What you will do. Exactly as written, reproduce the lines from the beginning of the data through the line containing "उदयपुर 9 दिसंबर"; the pictures are not reproduced.

Records contained in a dataset:
* * * * *

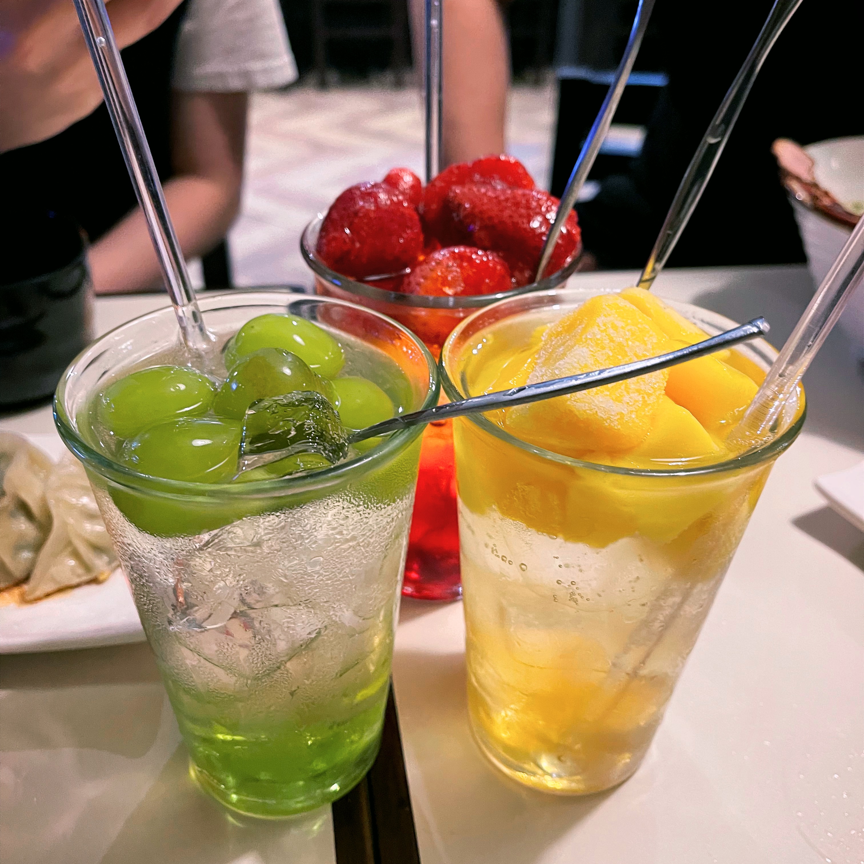 샤인머스캣 하이볼, 애플망고 하이볼, 딸기 하이볼인데 샤인머스캣 하이볼이 제일 비쌌어요. 12000원이었나?
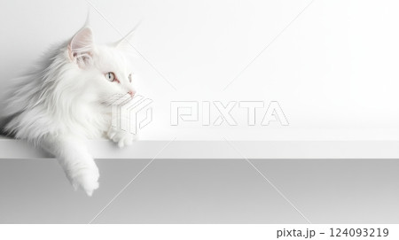 A beautiful white long-haired cat is perched on a white shelf or ledge against a light background. The cat's fluffy fur is pristine and gleaming, contrasting subtly with the clean white surroundings.
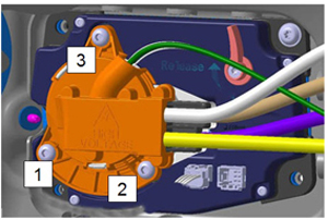 NoteThe rear HV cable has a slotted lug that surrounds a tab in the charger; use a suitable tool to pry the lug inboard to maneuver it around the tab before completely removing the cable out from the charger.
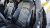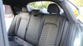 The heated, massaging, and power-adjustable front sport seats are upholstered in black Nappa leather with Rock Gray honeycomb-pattern stitching, while carbon-fiber trim accents the cabin. Additional amenities include driver’s seat memory settings, Audi Side Assist, Audi Pre Sense, three-zone automatic climate control, navigation, and a Bang & Olufsen sound system.
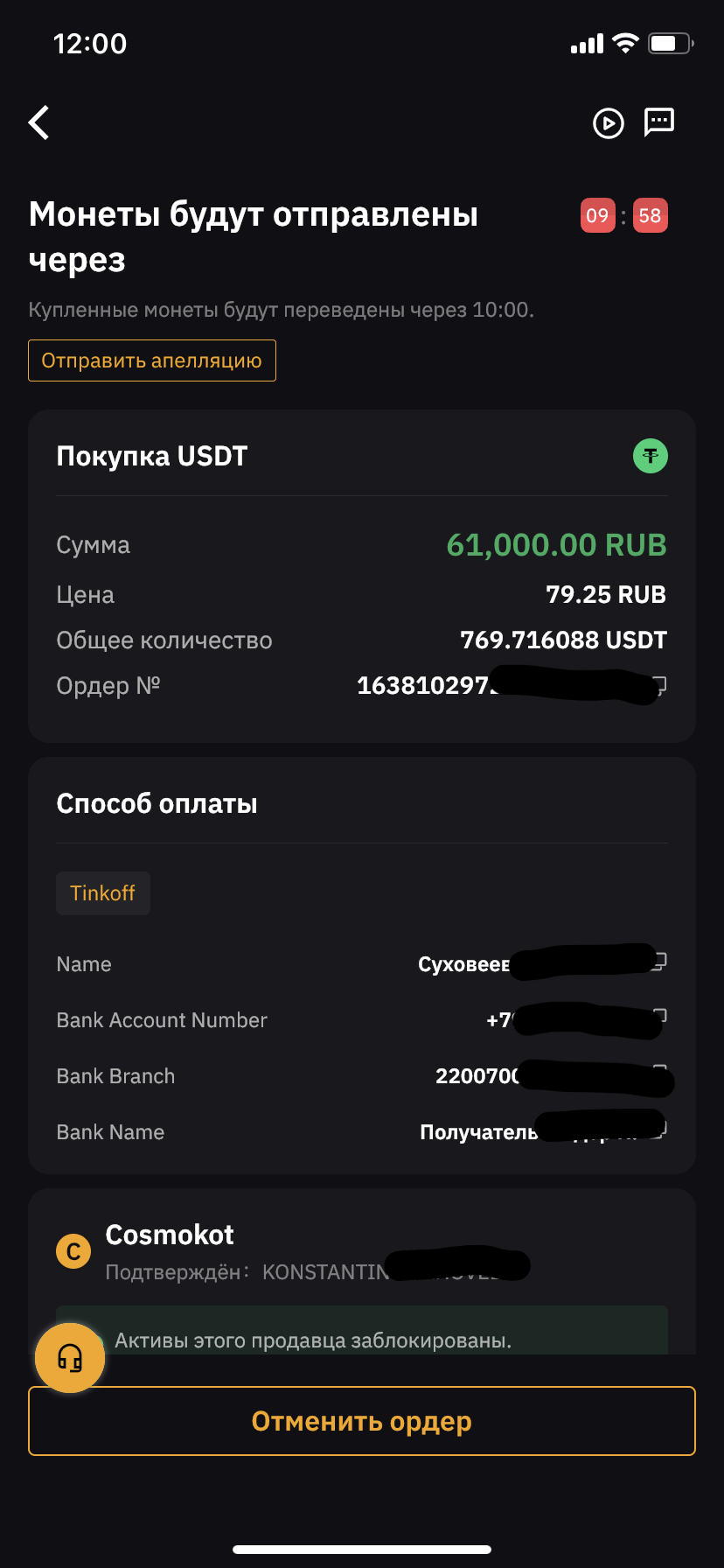 Ждите прихода криптовалюты. Обычно это занимает до 10 минут. В случае если не получите средства в течении 15 минут, нажмите сверху слева на кнопку "Отправить апелляцию"
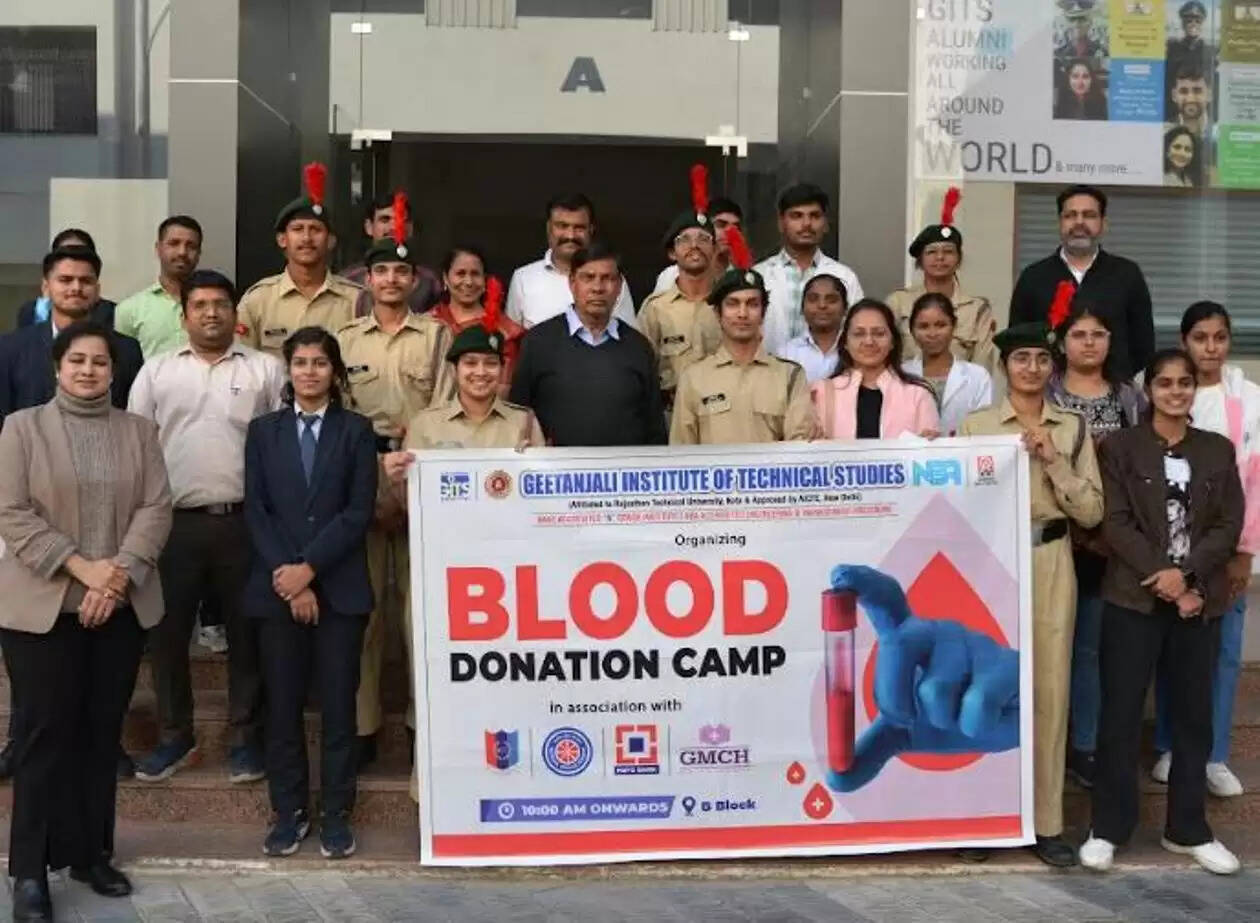 उदयपुर 9 दिसंबर 2024। गीतांजली इन्स्टीट्यूट ऑफ टेक्नीकल स्ट्डीज (गिट्स) डबोक, उदयपुर व एचडीएफसी बैंक के सयुंक्त तत्वाधान में “जीवन बचाओं“ अभियान के तहत एन.सी.सी. के बैनर तले रक्तदान शिविर का आयोजन किया गया। इस शिविर में रक्तदान के माध्यम से विद्यार्थियों ने समाज और अन्य लोगों के जीवन को बचाने का संदेश दिया ।
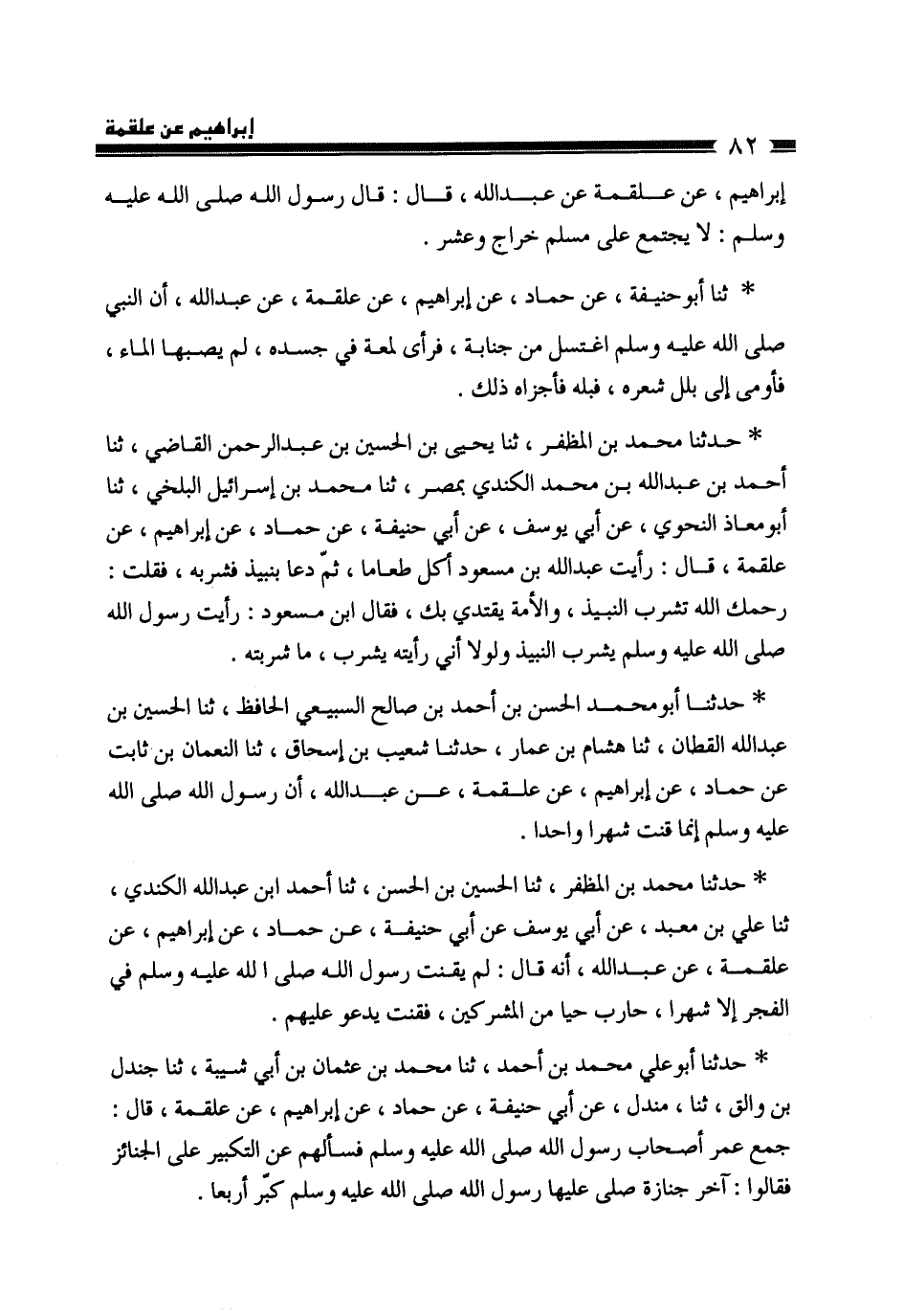 ثَنَا أَبُو حَنِيفَةَ، عَنْ حَمَّادٍ، عَنْ إِبْرَاهِيمَ، عَنْ عَلْقَمَةَ، عَنْ عَبْدِ اللَّهِ: «أَنَّ النَّبِيَّ صَلَّى اللهُ عَلَيْهِ وَسَلَّمَ §اغْتَسَلَ مِنْ جَنَابَةٍ فَرَأَى لُمْعَةً فِي جَسَدِهِ لَمْ يُصِبْهَا الْمَاءُ فَأَوْمَى إِلَى بَلَلِ شَعْرِهِ فَبَلَّهُ فَأَجْزَاهُ ذَلِكَ»
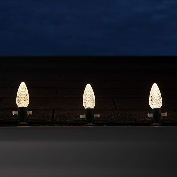 • [ C9 WARM WHITE NON-TWINKLE LED LIGHTS ] 50 OptiCore warm white C9 steady LED bulbs and 50-foot green stringer with 50 sockets spaced 12 inches apart. 6-inch lead with fused polarized male plug and 6-inch tail with female plug for easy end to end connections. 50 feet total length. To assemble, simply twist bulbs into sockets.
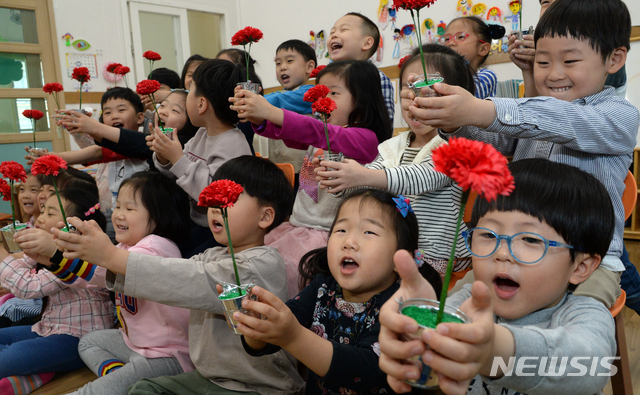 ◆ 어린이들이 직접만든 '어버이날 카네이션' ▷ 본, 'Netizen Photo News' 는 가입 필요없이 손님께서도 연결에 넣어두고 날마다 보실 수 있습니다. (저작권 있음) '한국 네티즌본부' ○··· 【전주=뉴시스】 김얼 기자= 어버이날을 하루 앞둔 7일 전북 전주시 전북대학교 어린이집에서 어린이들이 부모님께 선물할 카네이션을 만들고 환하게 웃고 있다.pmkeul@newsis.com |
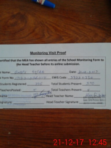 | Attendance Register | Head Teacher | MEA with School | Visit Proof |
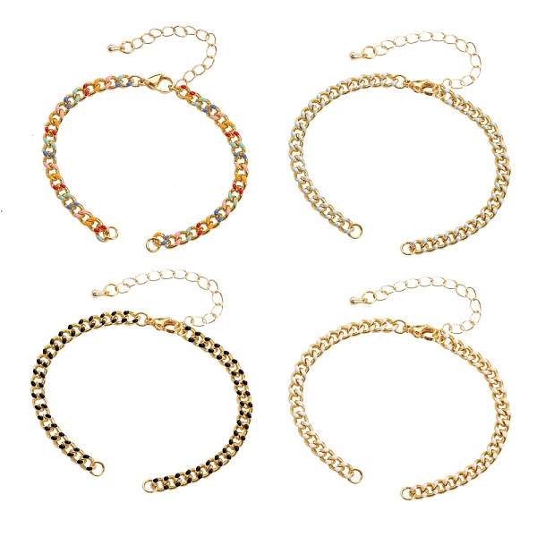 PandaHall 4Pcs 4 Colors Two Tone Handmade Brass Curb Chain Bracelet Makings, with Enamel and 304 Stainless Steel Lobster Claw Clasps, Mixed... Price: $0 | PandaHall
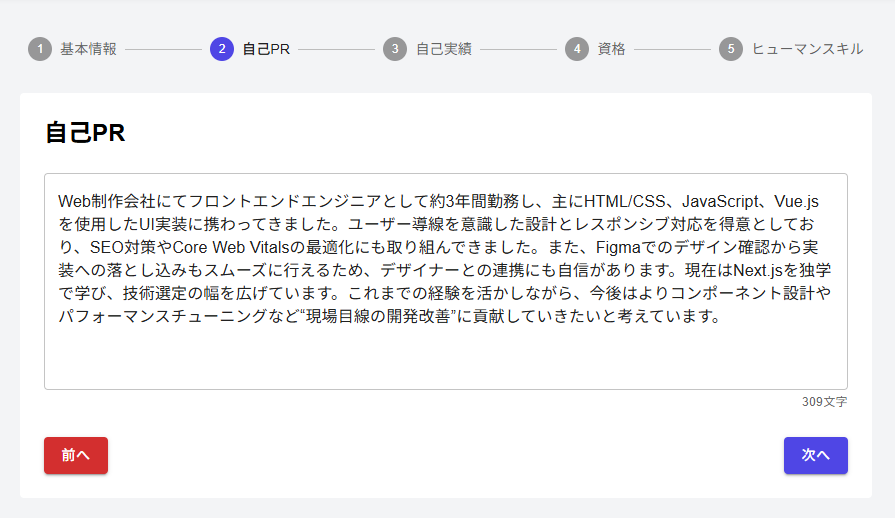 ⇒「FigmaでのUI設計に基づき、Vue.jsを用いて管理画面を実装。複雑だった操作フローを改善し、ユーザーの導線を半分以下に短縮しました。」

* * * * *

Answer box.
 샤인머스캣 하이볼, 애플망고 하이볼, 딸기 하이볼인데 샤인머스캣 하이볼이 제일 비쌌어요. 12000원이었나?
 A beautiful white long-haired cat is perched on a white shelf or ledge against a light background. The cat's fluffy fur is pristine and gleaming, contrasting subtly with the clean white surroundings.
 NoteThe rear HV cable has a slotted lug that surrounds a tab in the charger; use a suitable tool to pry the lug inboard to maneuver it around the tab before completely removing the cable out from the charger.
 The heated, massaging, and power-adjustable front sport seats are upholstered in black Nappa leather with Rock Gray honeycomb-pattern stitching, while carbon-fiber trim accents the cabin. Additional amenities include driver’s seat memory settings, Audi Side Assist, Audi Pre Sense, three-zone automatic climate control, navigation, and a Bang & Olufsen sound system.
 Ждите прихода криптовалюты. Обычно это занимает до 10 минут. В случае если не получите средства в течении 15 минут, нажмите сверху слева на кнопку "Отправить апелляцию"
 उदयपुर 9 दिसंबर 2024। गीतांजली इन्स्टीट्यूट ऑफ टेक्नीकल स्ट्डीज (गिट्स) डबोक, उदयपुर व एचडीएफसी बैंक के सयुंक्त तत्वाधान में “जीवन बचाओं“ अभियान के तहत एन.सी.सी. के बैनर तले रक्तदान शिविर का आयोजन किया गया। इस शिविर में रक्तदान के माध्यम से विद्यार्थियों ने समाज और अन्य लोगों के जीवन को बचाने का संदेश दिया ।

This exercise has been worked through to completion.